Access provided by Autonomous University of Puebla. Download conference paper PDF

Computer-aided diagnosis through medical image retrieval in radiology

Article Open access 01 December 2022

Improving Joint Learning of Chest X-Ray and Radiology Report by Word Region Alignment

FgKF: Fine-Grained Knowledge Fusion for Radiology Report Generation

Keywords

1 Introduction

The promise of automated deep learning systems to assist radiologists is enormous. At the moment, important milestones, such as better consistency or even better performance have been achieved on an increasing number of use-cases [18, 37]. A source of inspiration in further improvement of these efforts is the way humans register and analyze images, which for deep learning has shown to be effective in the past [17, 37].

In any analysis, a doctor provides the memory and knowledge to place what is currently seen in the context of what has been seen before. In principle this can be compared to what implicitly happens at scale in any deep learning method. A doctor’s analysis is not implicit though. Their analysis process can be described and verified. We wonder whether (medical) deep learning methods could benefit from an explicit memory/knowledge infusion.

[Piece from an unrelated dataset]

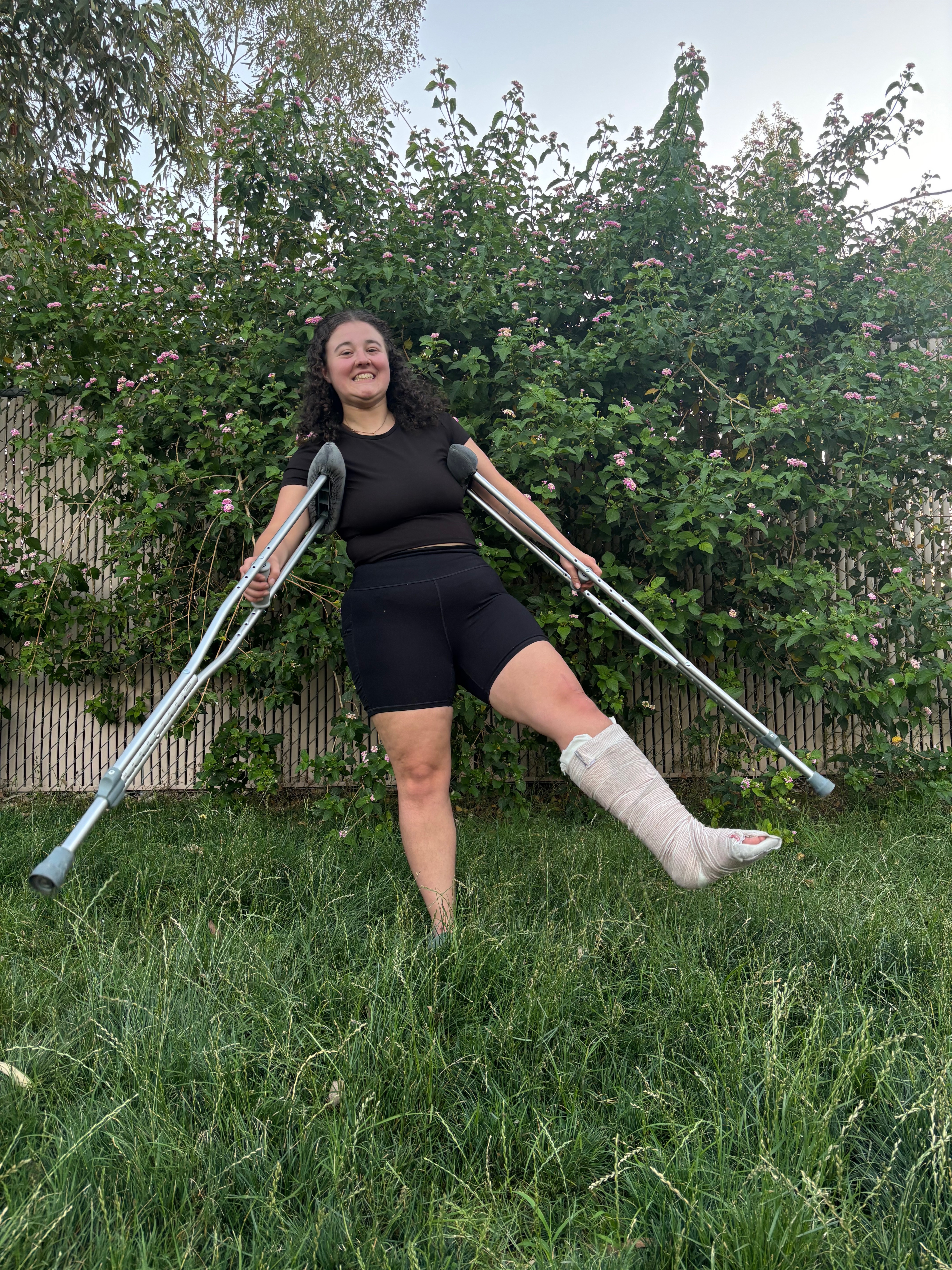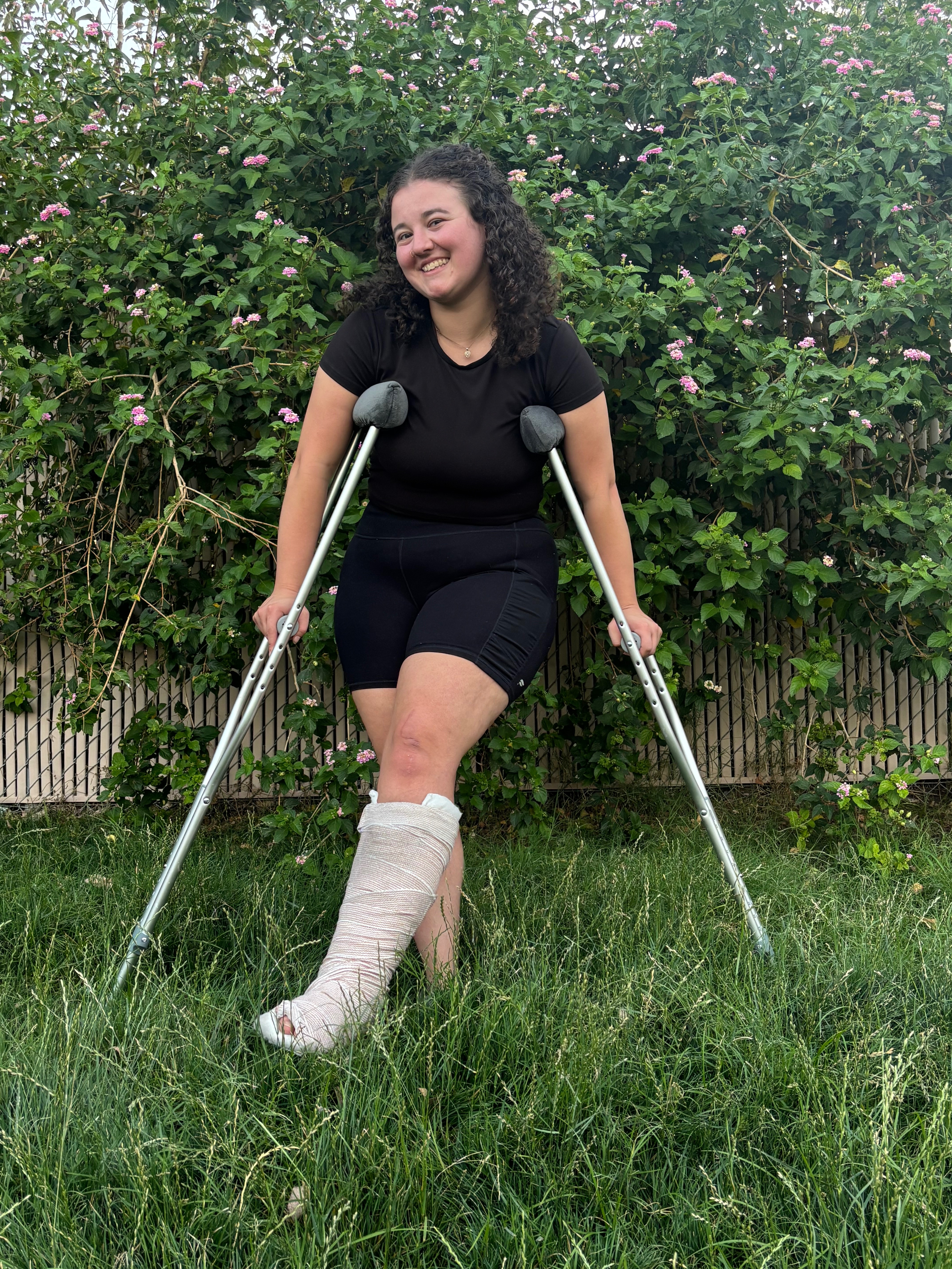 I was finishing up taking my golden doodle out potty and was walking down a set of stairs in front of my apartment when I completely missed the next step down, twisted my ankle, and crunched down on my left leg. I sent the slides I was wearing flying as well as my body down the remaining steps (lol) (ouch). I knew immediately I had broken something from the sound of the crunch. However, I managed to crawl back home as it wasn’t far from my front door, and my sweet baby boy, Mr. Squiggles, stayed by my side the entire time

Making deep learning methods more explicit in terms of using past observations has already been studied in Natural Language Processing (NLP), in the form of retrieval augmentation [14, 21]. Supplementing data by retrieving relevant retrieved information can lead to performance gains [4]. This process can be thought of to work as both an enrichment and regularization process. A benefit of retrieval augmentation is that context from a trusted knowledge source is used as a supplement [13, 29]. The versatility of retrieval augmentation, which essentially provides a non-parametric memory expansion, is gaining traction in the multi-modal field [4, 28].

Multi-modal data modalities typically have different strengths leading to a strong and a weak data modality [37]. For instance, radiology reports generally contain richer and more complete information than X-rays, since the report is essentially a clinician’s annotation [24]. With retrieval augmentation information can be transferred explicitly from the strong to the weak modality.

A reason retrieval augmentation methods are not yet adopted for medical applications lies in the weakness of retrieval methods for the medical domain. Retrieval in the general domain is focused on global image regions [8, 16] whereas in medical images global features, such as body/organ structure are similar across patients. Meanwhile more fine-grained aspects are more discriminating as disease indicators, but are easily overlooked. The need for fine-grained results makes medical image retrieval magnitudes more complex.

We propose X-Ray Task Retrieval Augmentation (X-TRA), a framework for retrieval augmentation in a multi-modal medical setting, specifically designed for X-ray and radiology report analysis. To do so we introduce a cross-modal retrieval model and retrieval augmentation method. We make the following contributions.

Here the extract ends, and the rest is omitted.